Wassermann snaked off directly to Carol's office, to help her reverse an ill-advised decision. Luby and I just stood there in the brown light of the empty stage. I was fighting mad, but Luby looked thunderstruck. He raised his eyes from the floor, swiveled them onto me and said, "Was I thinking that?" I had to burst out laughing.

What happened afterwards was my fault. I was not ready for Wassermann to have this victory. I'd sensed a note of hysteria in his voice which suggested he was no longer absolutely sure of his authority. Dog-like, I sensed fear, and went in for the kill.

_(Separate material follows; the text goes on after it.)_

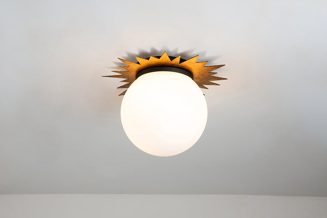 Looking to lighten up your space with a whimsical and art-inspired piece made in antique gold? Designed using a statement-making sun shape , this three-light flush mount is the favorite pick for installing in the bathroom, kitchen or closet. Creating an eye-catching focal point, this 3 light star shaped ceiling light is unique enough to work in the most sophisticated spaces, and using the mixed metal finishes, will give texture and depth, and add a little more drama to your bathroom, hallway or favorite reading nook. Measuring with a 15" diameter, the Soleil flush mount is finished in weathered gold, and can easily fit in any of your favorite spaces.

I'd been at the university by then a good long time, and knew what strings to pull and when to pull them. Before the month was out I had an Undergraduate Research Grant which allowed me to justify the necessary video equipment, and had done enough poking around to know where the rest could be rented or borrowed. Luby and I were in business, and totally independent of the Drama Dept.
It was just about as easy as I've made it sound. Undergraduate Research had a reputation for funding mostly science projects, so when something from the arts appeared the committee generally messed its pants in a mixture of delight and anxiety, delight in the sheer fact of the application, anxiety over not knowing what the hell was going on. I led them through it step by step, telling them why this had to happen at this moment, etc, and they were most grateful. Plus, my asking for equipment-- solid, explicable, visible-- played right into their scientific propensity for expensive toys.

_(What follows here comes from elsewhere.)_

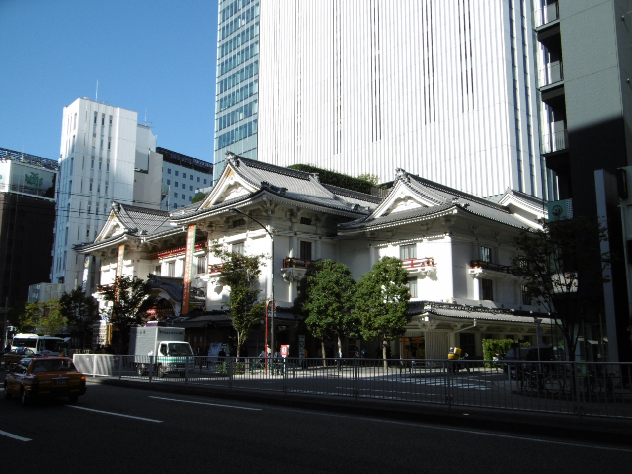 歌舞伎座を正面から見て右側の道路が“銀座木挽町通り”です。

We defused Avrom's accusation about building a portfolio by recording the department's production of Blood Wedding first, which Luby had nothing to do with. It's sort of a weird play. I can't say I got it, but Luby was hot to begin our library with it, so there we were. One thing I did understand was that the production was bad. Not boring, really, but one of those epics of error where you wait with genuine anticipation to see what wrong turn would dissipate logic and energy next. The student actors blamed "directorial choices". Carol, who had directed, gallantly did not pass on the blame but said that her administrative duties had made adequate attention to the production next to impossible. I didn't doubt it. Luby dogged the poor woman's path for days with advice on how to shore up the ruins should those sorts of things ever happen again. Carol assured him that no such thing would ever happen again. Luby didn't understand what I did from that comment-- we would be getting Oklahoma from now on.
There dawned nearly a year of peace. We all did our work, our lips set to thin lines of subterranean tension, but able to stand one another, able to work in proximity. It was a good year and there were some good productions, one of them even by Wassermann. The single public blow-up was when Luby by-passed Avrom and Carol both and presented his idea for a film and video sequence directly to the Academic Policies Committee, and it passed. It went down right before Christmas break when everyone's mind was on getting the hell out of town, so the brouhaha was kept at a minimum. It might have been timing merely fortuitous, but I think Luby was learning the way of things. I think he had actually planned it. I told him, "You're losing your innocence" and he grinned back like a cherub-- innocent and wise at once, like it says in the Bible.